• _What you should do_
Please, starting at the line that contains "翻译:深层学习模型被证明很容易受到对抗性攻击。 特别是, 梯度攻击最近显示的成功率很高。", reproduce every line exactly until the records run out, skipping all pictures.

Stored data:
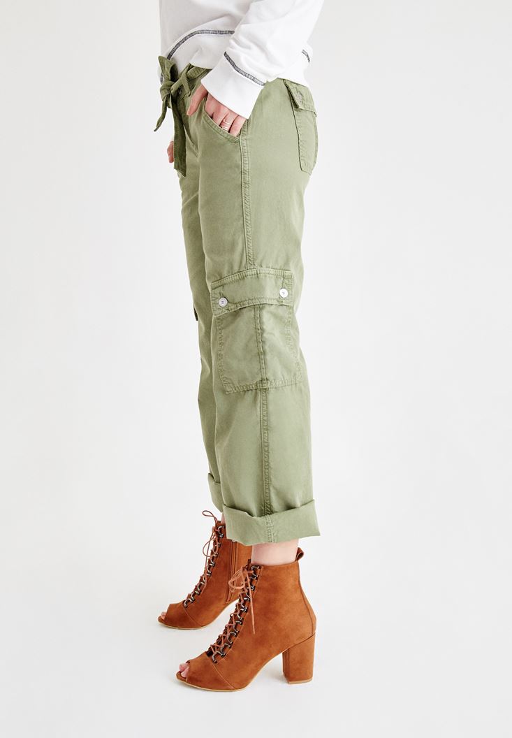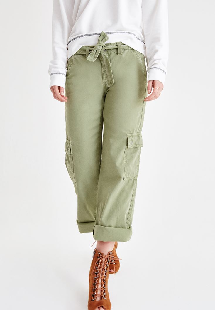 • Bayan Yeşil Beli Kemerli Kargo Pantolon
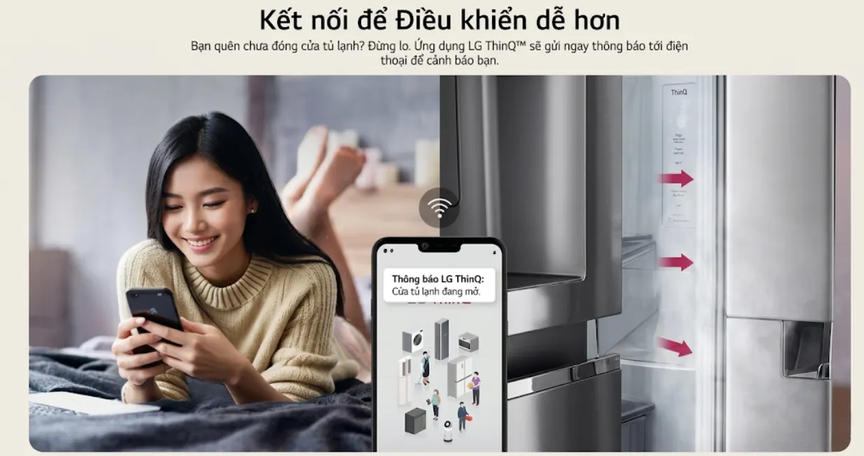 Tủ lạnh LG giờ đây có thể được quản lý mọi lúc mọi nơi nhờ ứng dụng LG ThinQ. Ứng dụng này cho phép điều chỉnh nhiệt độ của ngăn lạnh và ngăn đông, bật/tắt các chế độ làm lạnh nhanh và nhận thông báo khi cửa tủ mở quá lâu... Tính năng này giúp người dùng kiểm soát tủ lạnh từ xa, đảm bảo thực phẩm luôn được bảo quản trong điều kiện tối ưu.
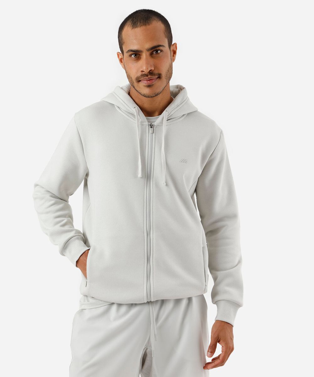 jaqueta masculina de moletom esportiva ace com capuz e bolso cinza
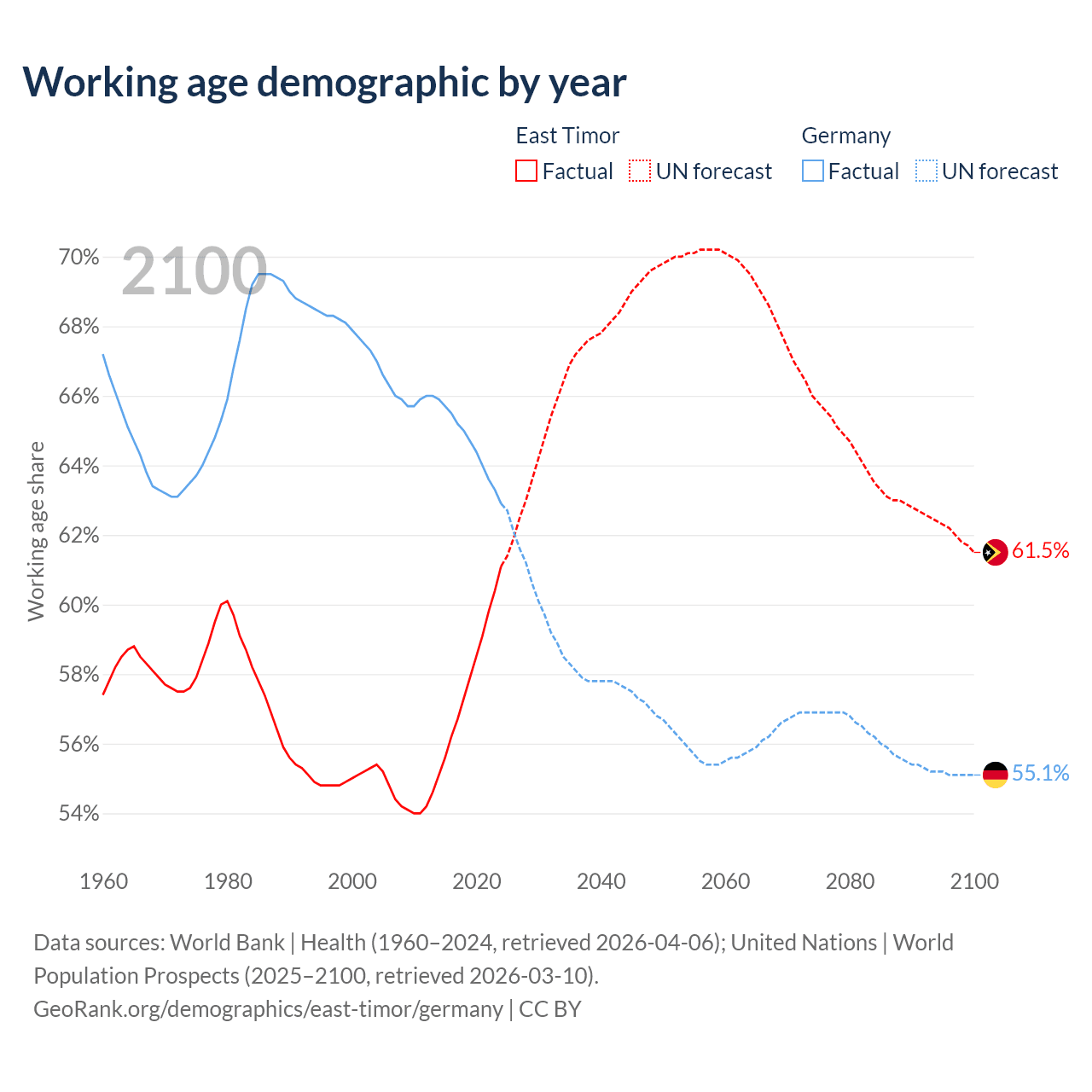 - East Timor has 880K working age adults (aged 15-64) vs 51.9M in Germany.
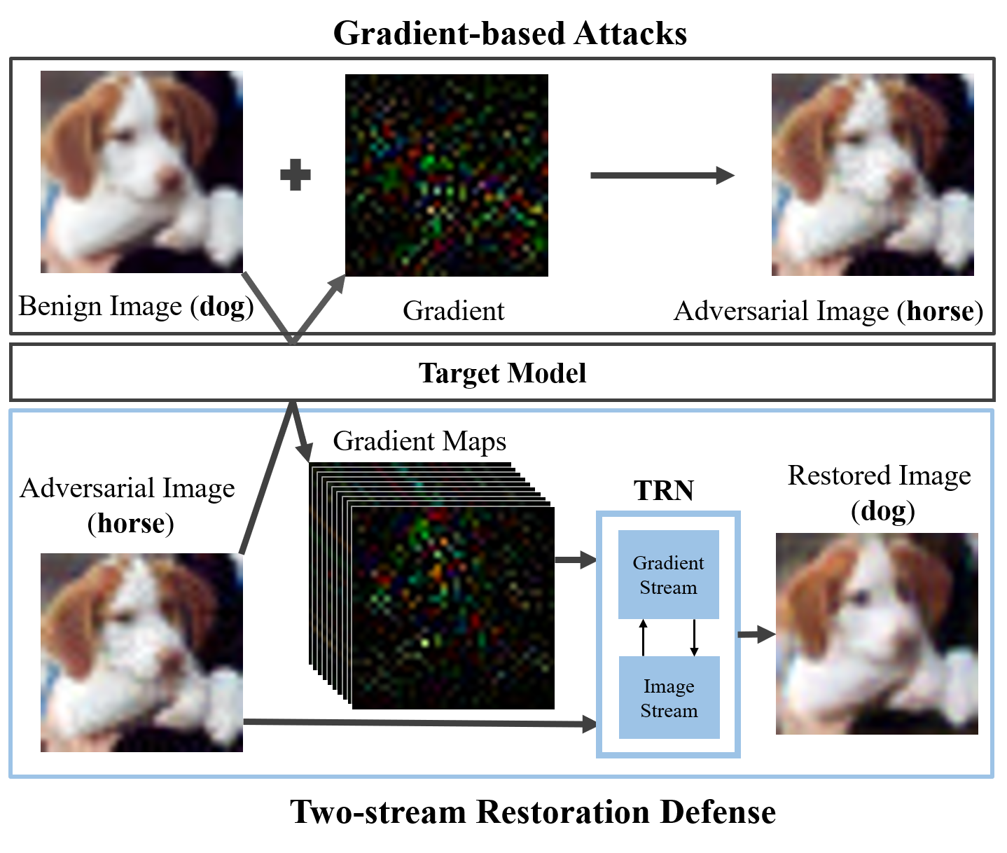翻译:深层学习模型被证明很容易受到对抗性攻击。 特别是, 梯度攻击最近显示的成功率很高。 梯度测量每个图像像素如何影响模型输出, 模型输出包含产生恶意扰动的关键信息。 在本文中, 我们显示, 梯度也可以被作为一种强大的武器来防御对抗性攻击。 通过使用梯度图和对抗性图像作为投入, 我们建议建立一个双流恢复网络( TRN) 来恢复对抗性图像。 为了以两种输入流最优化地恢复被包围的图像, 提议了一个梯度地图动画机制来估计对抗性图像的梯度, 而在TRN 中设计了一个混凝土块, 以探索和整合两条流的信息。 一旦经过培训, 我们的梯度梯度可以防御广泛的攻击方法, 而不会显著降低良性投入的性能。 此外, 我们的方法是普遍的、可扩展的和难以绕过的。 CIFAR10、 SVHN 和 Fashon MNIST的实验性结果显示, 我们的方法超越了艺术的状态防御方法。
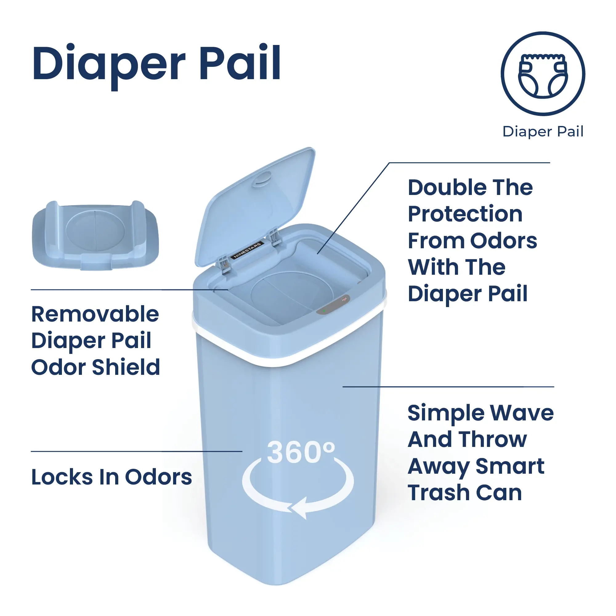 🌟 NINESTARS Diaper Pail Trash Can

• _Expected answer_
翻译:深层学习模型被证明很容易受到对抗性攻击。 特别是, 梯度攻击最近显示的成功率很高。 梯度测量每个图像像素如何影响模型输出, 模型输出包含产生恶意扰动的关键信息。 在本文中, 我们显示, 梯度也可以被作为一种强大的武器来防御对抗性攻击。 通过使用梯度图和对抗性图像作为投入, 我们建议建立一个双流恢复网络( TRN) 来恢复对抗性图像。 为了以两种输入流最优化地恢复被包围的图像, 提议了一个梯度地图动画机制来估计对抗性图像的梯度, 而在TRN 中设计了一个混凝土块, 以探索和整合两条流的信息。 一旦经过培训, 我们的梯度梯度可以防御广泛的攻击方法, 而不会显著降低良性投入的性能。 此外, 我们的方法是普遍的、可扩展的和难以绕过的。 CIFAR10、 SVHN 和 Fashon MNIST的实验性结果显示, 我们的方法超越了艺术的状态防御方法。
 🌟 NINESTARS Diaper Pail Trash Can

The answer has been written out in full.